To investigate how autophagy induction potentiates ureagenesis during hyperammonemia, we focused on selected liver metabolites important for functioning of the urea cycle. We found that liver contents of ATP, aspartate, glutamate, and acetyl-coA were all increased by enhanced autophagy during hyperammonemia (). When the hepatic ratio ammonia:aspartate is greater than 1:1, intra-hepatic proteolysis is stimulated to provide aspartate that fuels the urea cycle. This enhancement of protein catabolism has been interpreted as the metabolic price that must be paid for effective ammonia detoxification when the liver is facing high ammonia levels. Our data support the concept that autophagy enhancement results in increased liver protein degradation that generates more aspartate available for ureagenesis and more efficient ammonia detoxification. In addition to aspartate, enhancement of autophagic recycling also provides the urea cycle with key substrates for production of N-acetylglutamate, the allosteric activator of CPS1 (carbamoyl-phosphate synthetase 1) that increases the flux through the cycle, and ATP.
Finally, pharmacological enhancement of autophagy in mouse models of both acquired and inherited hyperammonemia including thioacetamide-induced acute liver failure and OTC (ornithine transcarbamylase) deficiency, the most frequent urea cycle disorder, result in reduced serum ammonia levels and normalization of blood orotic acid, a clinically relevant end-point in OTC deficiency.
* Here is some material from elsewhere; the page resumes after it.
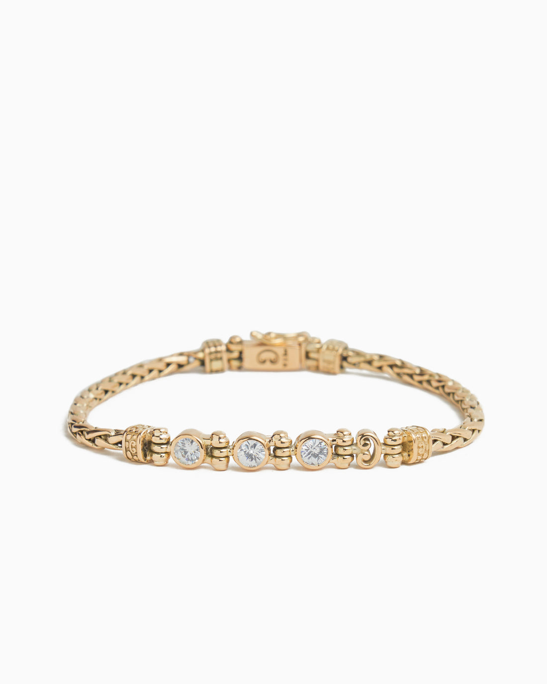 The Link Bracelet with Triple Stones features a 14K solid gold wheat link band. It...
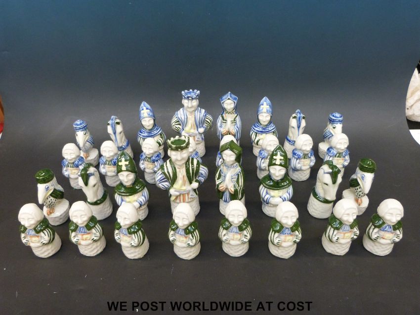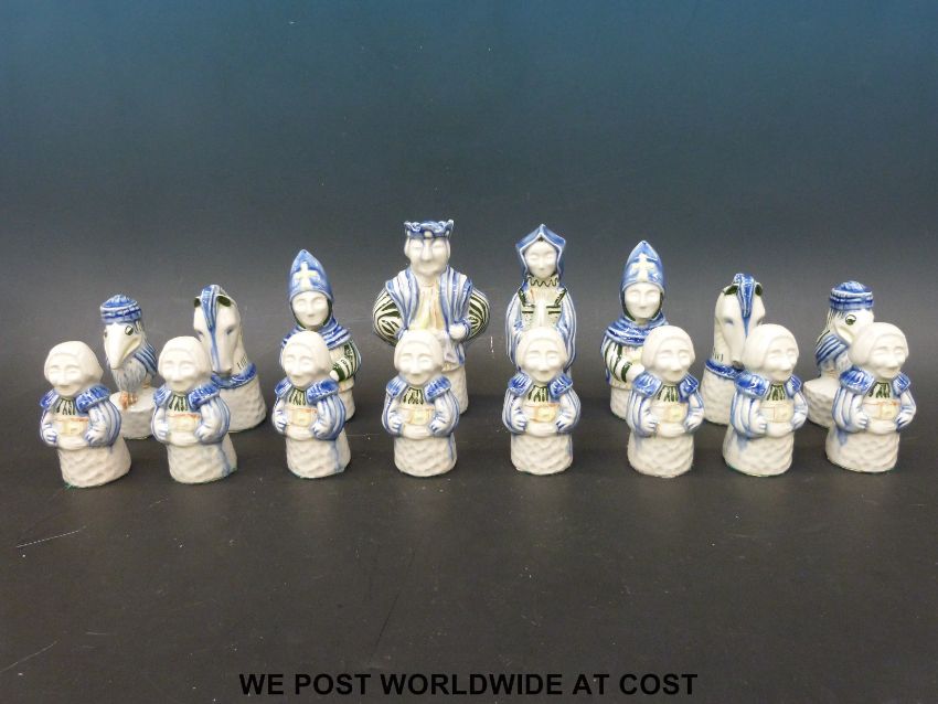 A ceramic Delft style chess set, height of king 15.5cm.

Therapeutic targeting of autophagy is currently an available option to treat several pathological conditions ranging from cancer to neurodegenerative, inflammatory, infectious, and metabolic diseases. Our findings suggest that drugs stimulating autophagy might be effective in both primary and secondary hyperammonemias. Food and Drug Administration-approved drugs or nutritional supplements known as autophagy inducers are available for use in humans. However, the choice of the optimal autophagy activator for hyperammonemia must take into consideration potential pitfalls related to target specificity and undesired side effects. For example, sodium valproate and metformin are known autophagy inducers but they are also associated with reduced N-acetylglutamate production and lactic acidosis, respectively, 2 undesirable effects in inborn errors of metabolism. Conversely, pharmacological inhibition of autophagy by chloroquine or hydroxychloroquine, either alone or in combination with other drugs, are used as an anti-cancer therapy and might affect ammonia detoxification.
In summary, our study suggests the novel concept that hepatic autophagy potentiates ureagenesis by providing key urea cycle intermediates and ATP under both acute and chronic hyperammonemia. The enhancement of hepatic autophagy has potential for therapy of both inherited and acquired causes of hyperammonemia.
Disclosure of potential conflicts of interest
No potential conflict of interest was reported by the authors.